Senate Health Bill Contains Tax on Cosmetic Surgery

Senate Majority Leader Harry Reid, D-Nev., introduced the Senate’s version of the health care reform bill, which includes a new 5 percent tax on elective cosmetic surgery.

Reid unveiled the bill, which is expected to cost $848 billion, extend coverage to more than 94 percent of Americans and insure 31 million more of the uninsured.

“We can’t afford to overlook what this is really about,” he said. “More accurately, we can’t afford to overlook who this is all about.”

The cosmetic surgery tax, also known as the “botax,” is estimated to raise $5 billion over a decade. The bill also includes an increase in the Medicare payroll tax to 1.95 percent from 1.45 percent for couples earning more than $250,000 a year and individuals earning over $200,000. It also features a tax on high-end insurance plans, also known as “Cadillac” or “gold-plated” plans, that are worth $8,500 for individual taxpayers and $23,000 for families.

Reid’s bill includes significant differences from the version narrowly passed by the House earlier this month. The House version includes a 5.4 percent surtax on high-income taxpayers (see House Assembles $894 Billion Health Care Bill).

The two bills also take a different approach to restricting public funding for abortion, with Reid’s version setting up a “firewall” to segregate privately paid premiums from public subsidies.
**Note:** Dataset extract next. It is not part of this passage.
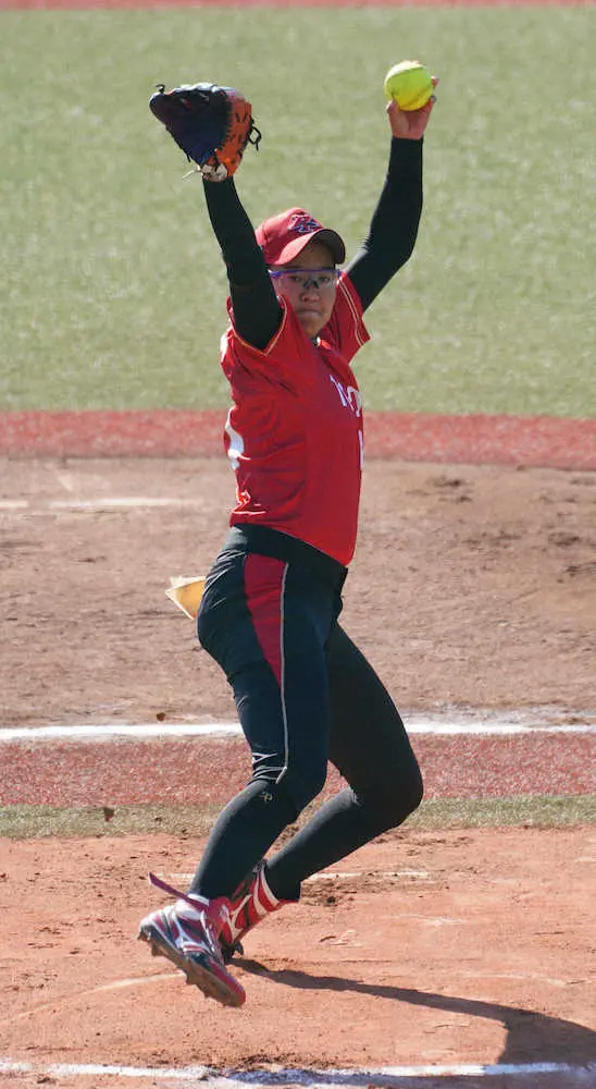 <日本女子ソフトボールリーグ決勝トーナメント3位決定戦 トヨタ自動車・ホンダ>力投するトヨタ自動車先発・後藤(撮影・郡司 修)

Republicans expressed opposition to the bill. “After six weeks of drafting a bill behind closed doors, the Majority has produced a bill that increases premiums, raises taxes, and slashes Medicare by half a trillion dollars to create a new government program,” said Senate Minority Leader Mitch McConnell, R-Ky. “This is not what the American people want. I don’t believe they think this is reform. This is not the direction to take.”